Would you return, word for word, the lines of the data below from the line with "Bu uzun beyaz" through the line with "- Cuttable &", and no others?

#### [DATASET RECORDS]
══════

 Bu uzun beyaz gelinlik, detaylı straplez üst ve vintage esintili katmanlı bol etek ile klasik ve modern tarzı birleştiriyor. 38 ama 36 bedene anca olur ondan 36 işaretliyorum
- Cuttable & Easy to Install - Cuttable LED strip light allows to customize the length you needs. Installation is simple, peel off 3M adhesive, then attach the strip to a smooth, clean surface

══════

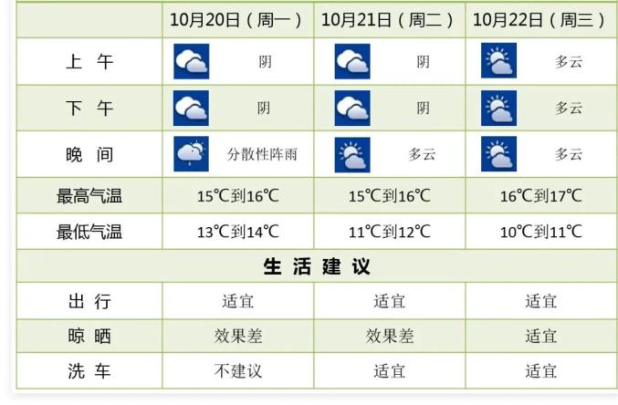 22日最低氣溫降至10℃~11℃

══════

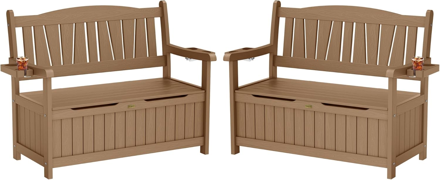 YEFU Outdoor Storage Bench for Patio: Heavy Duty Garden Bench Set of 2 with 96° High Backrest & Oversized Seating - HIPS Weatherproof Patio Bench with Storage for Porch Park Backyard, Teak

══════

#### [SOLVED PROBLEM]
 Bu uzun beyaz gelinlik, detaylı straplez üst ve vintage esintili katmanlı bol etek ile klasik ve modern tarzı birleştiriyor. 38 ama 36 bedene anca olur ondan 36 işaretliyorum
- Cuttable & Easy to Install - Cuttable LED strip light allows to customize the length you needs. Installation is simple, peel off 3M adhesive, then attach the strip to a smooth, clean surface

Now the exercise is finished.